*Given material:*

################

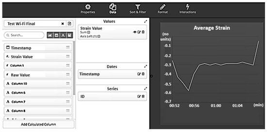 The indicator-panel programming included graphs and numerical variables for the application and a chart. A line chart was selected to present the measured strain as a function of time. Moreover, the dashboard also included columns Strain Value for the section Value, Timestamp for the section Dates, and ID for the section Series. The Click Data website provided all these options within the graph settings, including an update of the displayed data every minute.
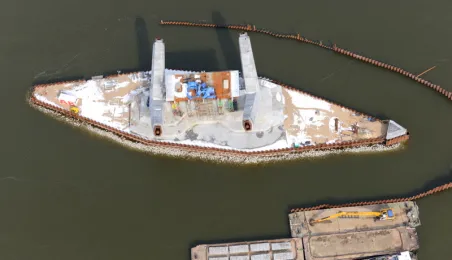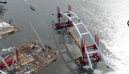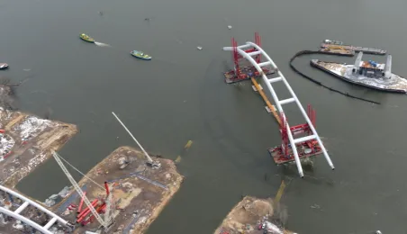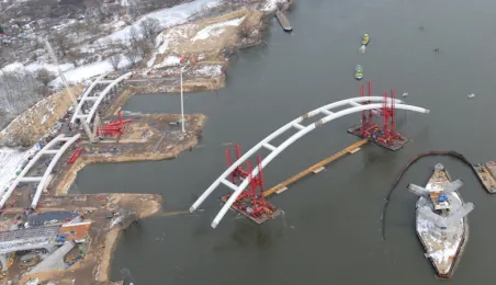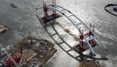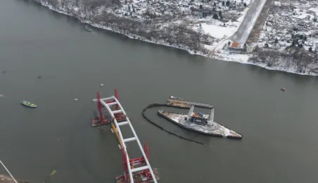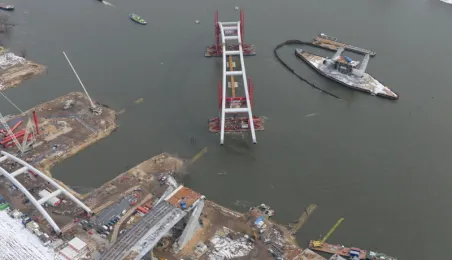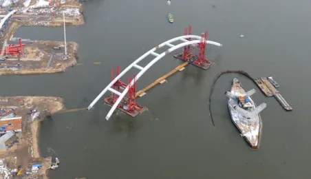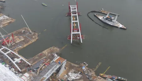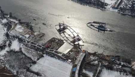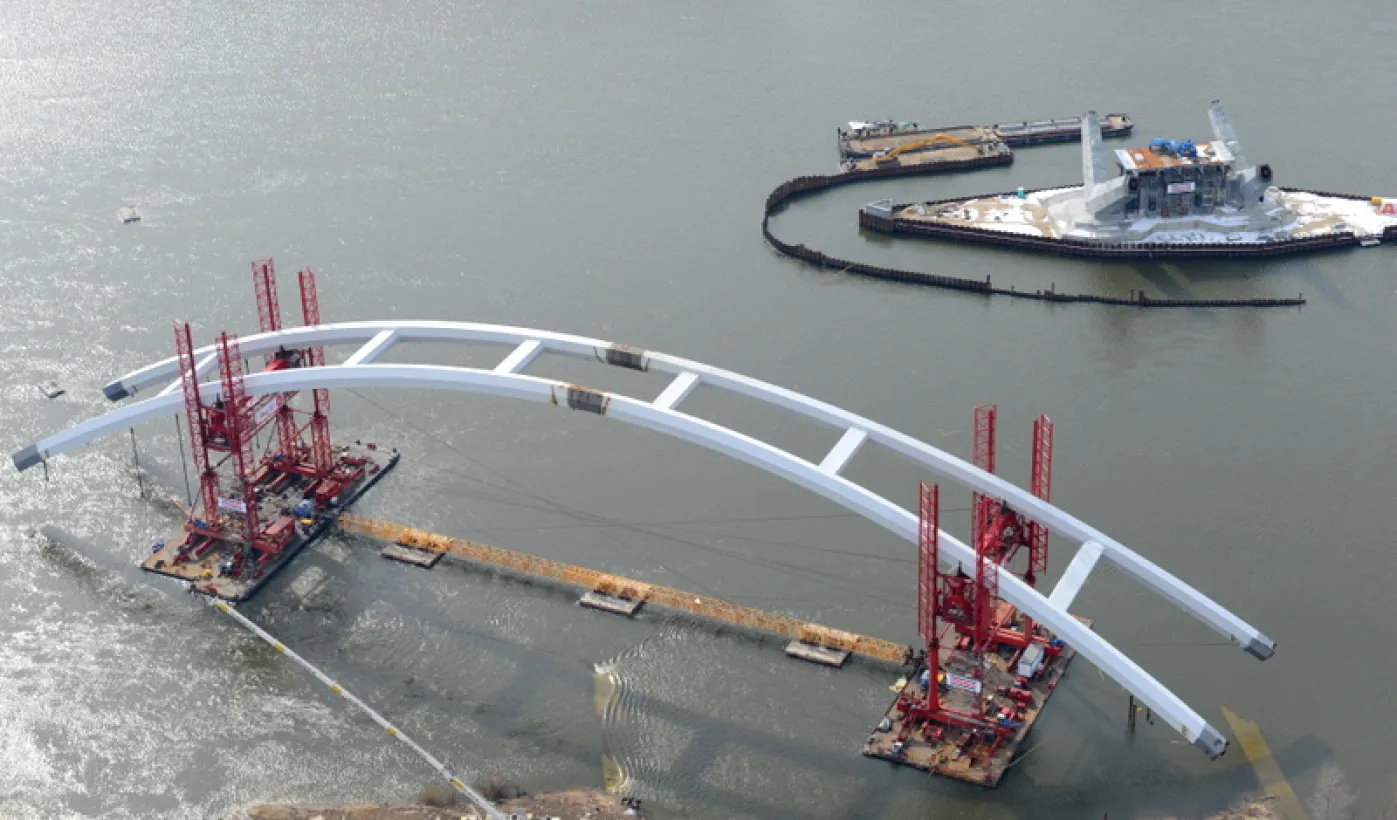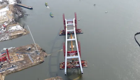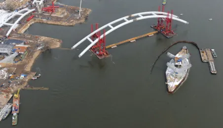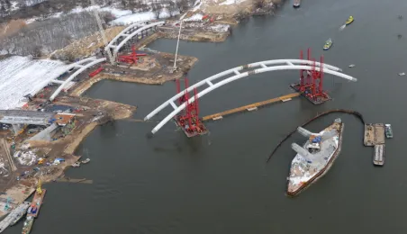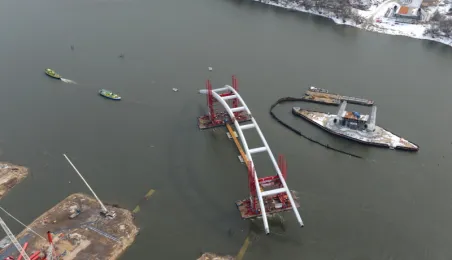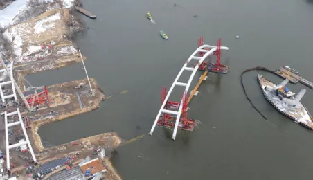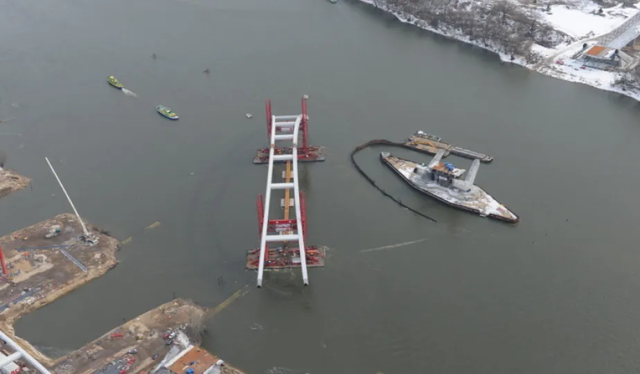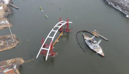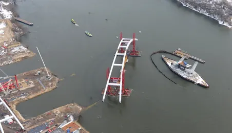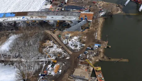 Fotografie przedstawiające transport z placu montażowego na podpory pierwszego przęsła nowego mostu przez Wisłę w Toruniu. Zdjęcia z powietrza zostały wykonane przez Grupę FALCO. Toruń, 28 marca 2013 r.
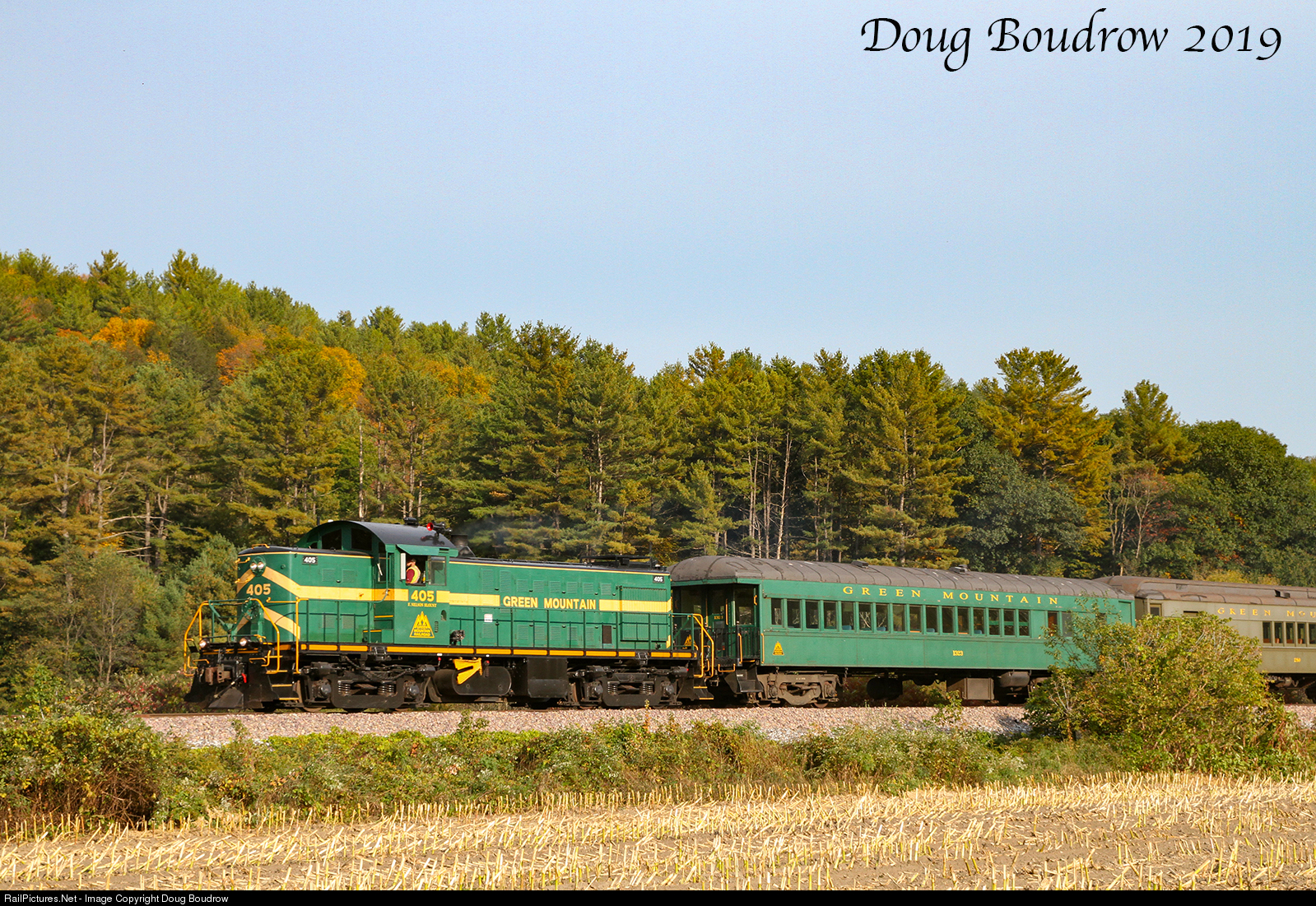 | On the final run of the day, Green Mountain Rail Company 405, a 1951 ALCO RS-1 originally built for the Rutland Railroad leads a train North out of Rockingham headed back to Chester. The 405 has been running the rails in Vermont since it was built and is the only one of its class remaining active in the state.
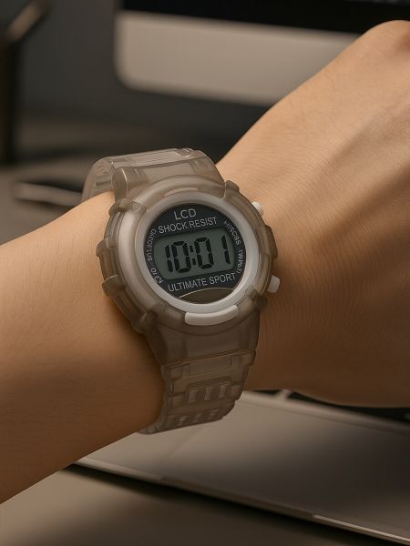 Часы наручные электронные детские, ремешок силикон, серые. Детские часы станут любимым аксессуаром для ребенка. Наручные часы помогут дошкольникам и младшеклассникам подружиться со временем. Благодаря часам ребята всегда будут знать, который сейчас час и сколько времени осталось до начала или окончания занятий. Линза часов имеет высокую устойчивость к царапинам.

################

*The task:*
Skip every picture and transcribe the data above exactly.

*Answer box:*
 The indicator-panel programming included graphs and numerical variables for the application and a chart. A line chart was selected to present the measured strain as a function of time. Moreover, the dashboard also included columns Strain Value for the section Value, Timestamp for the section Dates, and ID for the section Series. The Click Data website provided all these options within the graph settings, including an update of the displayed data every minute.
 Fotografie przedstawiające transport z placu montażowego na podpory pierwszego przęsła nowego mostu przez Wisłę w Toruniu. Zdjęcia z powietrza zostały wykonane przez Grupę FALCO. Toruń, 28 marca 2013 r.
 | On the final run of the day, Green Mountain Rail Company 405, a 1951 ALCO RS-1 originally built for the Rutland Railroad leads a train North out of Rockingham headed back to Chester. The 405 has been running the rails in Vermont since it was built and is the only one of its class remaining active in the state.
 Часы наручные электронные детские, ремешок силикон, серые. Детские часы станут любимым аксессуаром для ребенка. Наручные часы помогут дошкольникам и младшеклассникам подружиться со временем. Благодаря часам ребята всегда будут знать, который сейчас час и сколько времени осталось до начала или окончания занятий. Линза часов имеет высокую устойчивость к царапинам.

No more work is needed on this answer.